Collective elastic properties of mechanical metamaterials

Abstract

Recent studies of the unusual frequency–wavenumber dependences and the related phenomena of the negative effective mass and stiffness in phononic metamaterials unveiled many futuristic opportunities for the acoustical and heat transfer engineering [1], [2], [3], [4], [5]. They also facilitated investigations of quasistatic responses of architected material systems in a quest for negative elastic moduli [6], [7], [8], [9], [10] and other unusual basic properties [11], [12], [13], [14], [15] expected at uniform loading conditions. In this letter, we show that materials with discrete internal structure may also demonstrate strong dependences of their effective (continuum equivalent) mechanical properties on the wavenumber/spatial frequency of static sinusoidal pressure waves.

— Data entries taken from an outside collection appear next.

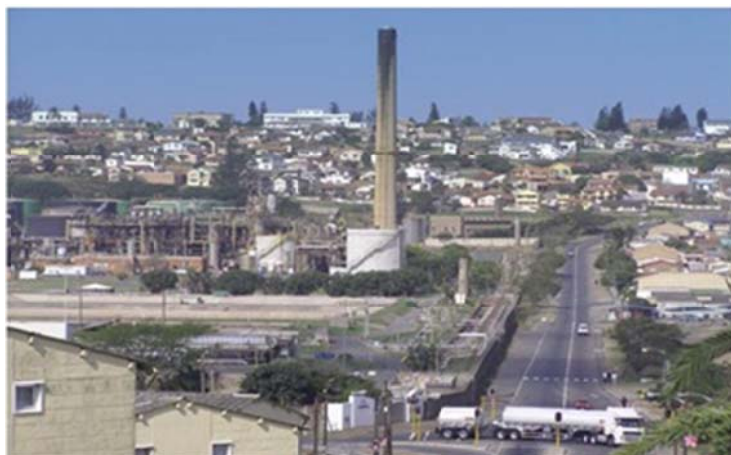
Figure 5: View of southern portion of Engen refinery from residential area of Austerville, with suburb of Merewent in background and on the right.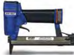
DUO-FAST BN-5424, SureShot 5424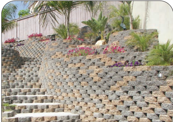
Retaining or Terrace Walls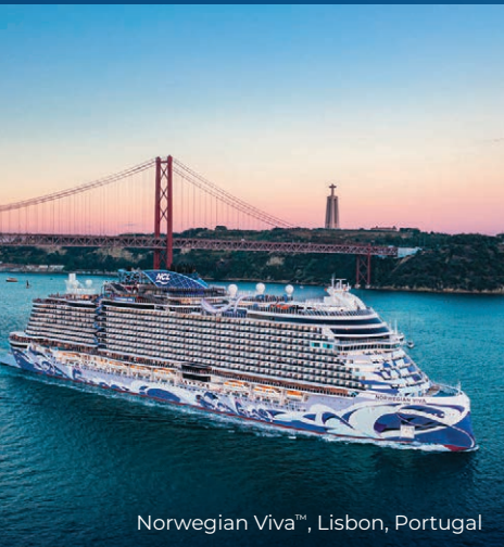
Norwegian Viva™, Lisbon, Portugal

Norwegian Cruise Line Holdings Ltd. (NYSE: NCLH) is a leading global cruise company which operates the Norwegian Cruise Line, Oceania Cruises and Regent Seven Seas Cruises brands. With a combined fleet of 32 ships and approximately 66,500 berths, these brands offer itineraries to more than 700 destinations worldwide. The Company expects to add 13 additional ships across its three brands through 2036, which will add approximately 41,000 berths to its fleet.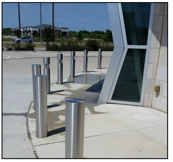
Sealed with EcoSeal Fortify to protect from rust and corrosion with an invisible Nano polymer metal oxide fusion which integrates with the Stainless Steel surface.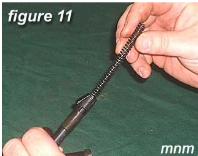
11) Place the spring into the striker .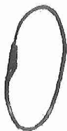
1 narrow elliptic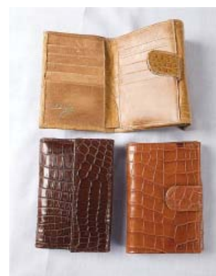
EXAMPLES OF CROCODILE LEATHER PRODUCTS AT THE LALELE CROCODILE FARM IN MOOKGOPONG IN THE LIMPOPO PROVINCE OF SOUTH AFRICA.

“ The South African Crocodile Industry Association (SACIA) was established in 2015 in response to a global trend of crocodile skins gaining greater export value over those for hides and skins. ”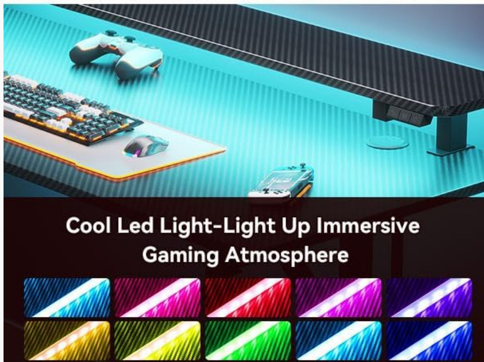
Figure 5: Examples of LED light colors.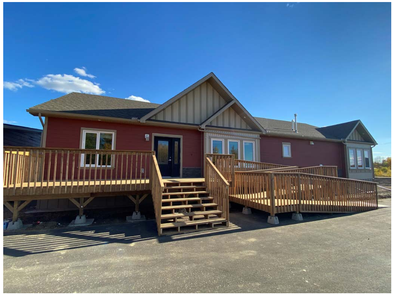
~ The front of new Mental Wellness Centre.

Mental wellness is and always has been a serious concern for the people of Cold Lake First Nations. the past year, COVID-19 In has caused skyrocketing numbers of depression and suicide rates nationally and globally. This summer construction started began and thankfully, now Cold Lake First Nation's new Mental Wellness Centre is complete and ready to be opened.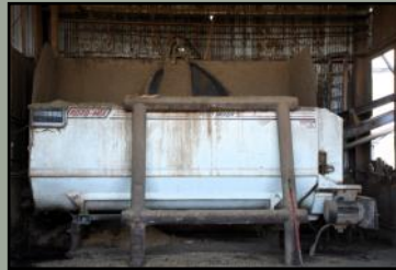
Roto-Mix 620-16 Stationary Mixer

The Fourier mode stiffness, a ratio of the periodic load amplitude and a response amplitude is a quadratic function of the load’s wavenumber in continuum materials. However, in discrete periodic lattices, we show it to be a squared sine function of the wavenumber, which flattens down when the wavelength becomes comparable with a unit cell size. As a result, comparing similarly loaded continuum and lattice materials leads to a varying dependence of the effective longitudinal and shear moduli on the wavenumber. Practically, this means that both material design and static load patterning can influence an effective elastic modulus of a mechanical metamaterial, and it can be seen from collective responses of a large group of unit cells.